When I first saw photos of the new sandolo in Canada, I was impressed.
Here was a boat that had all the details - a fully carved passenger sandolo.
The boat was built in the Squero Tramontin, and was in fact the first sandolo to come out of that yard in over fifty years.
Roberto Tramontin gave extra attention to the details on this boat.
As I looked at the photos that Lorne sent me of his beautiful new sandolo, I noticed somethinig familiar about the scimier (that decorative piece that rests atop the seat back).
Lorne told me that the piece that rides on the seat back of his boat is
"the first known copy of the Royal scimier" - an impressive piece of "gondola art" in the private collection of the Tramontin family.
I'd seen that scimier before: in Gilberto Penzo's "La Gondola" (on page 173, to be exact), it is said to be about a hundred years old.
The "Royal Scimier".
I must admit that I'm not clear on the exact history of this piece,
but Lorne tells me that at the varo, many Venetians were nodding their heads in approval, and seemed proud of the scimier.
Here are a few photos showing some of the stages in the creation of this beautiful piece.
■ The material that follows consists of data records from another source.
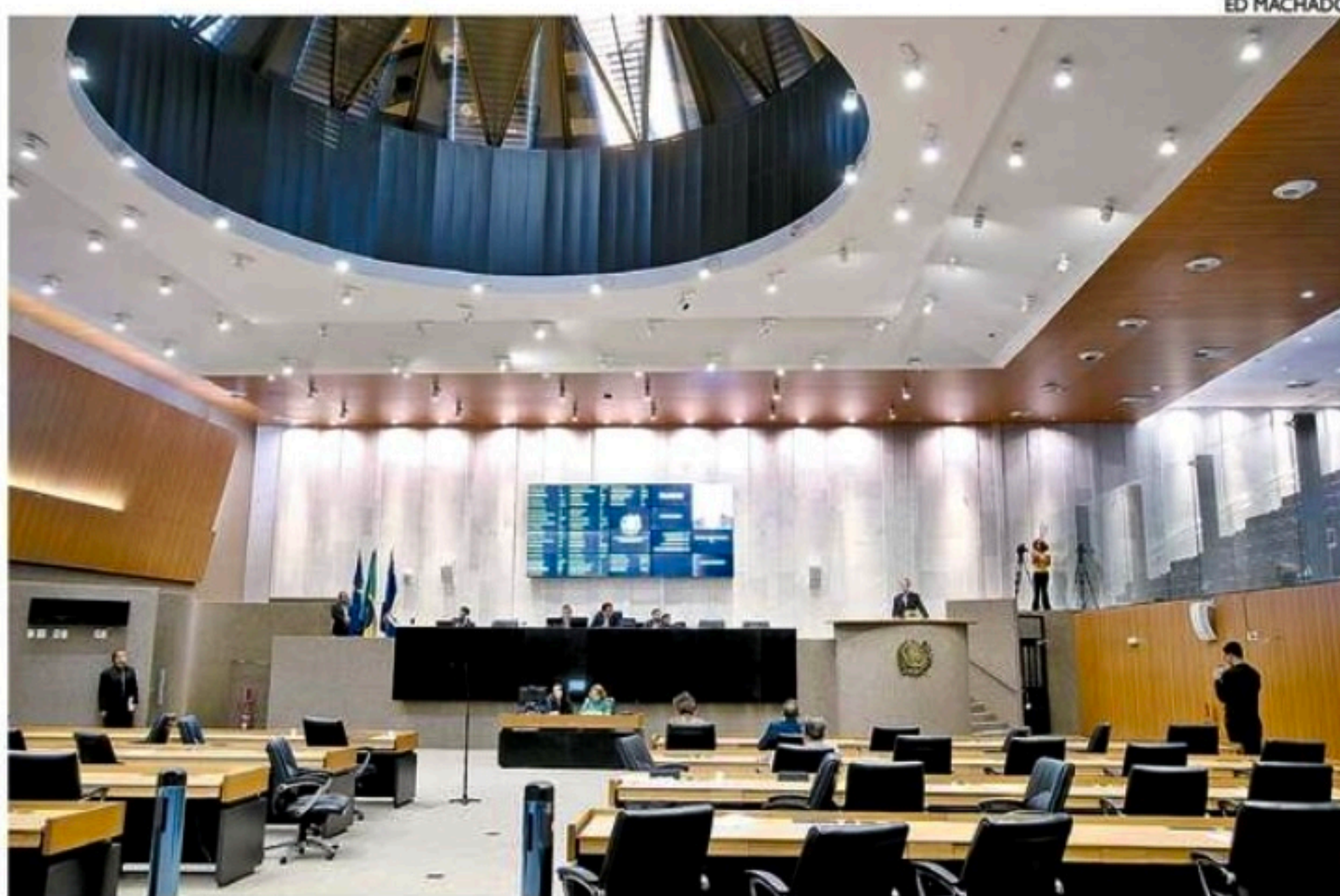
Na sessão de retomada das atividades da Casa, programa de segurança pública foi assunto mais comentado

Na Ordem do Dia do legislativo, o assunto mais comentado na Tri-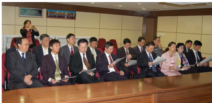
由江西省地方税务局 官员组成的学习考察团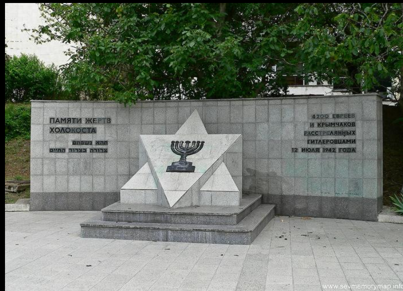
Памятник в Севастополе Мемориал в Майами

The design was drawn out on a single piece of wood,
the silhouette cut out,
and with age-old hand tools,
the craftsman gradually removed wood in small places.
Once the carving phase was completed,
a flat black base coat was applied.
Then a shiny coat of black was applied.
(my guess is that there were several shiny coats applied)
Finally, gold guilding and brilliant blue were added in the appropriate areas.
People look at gondolas and many other Venetian boats and just assume that the detail pieces are just fancy dress-up stuff, or as a shipbuilding friend of mine likes to say "decorative gingerbread", but in many cases there's history behind every detail.
Thank you Roberto - for bringing something beautiful into the world.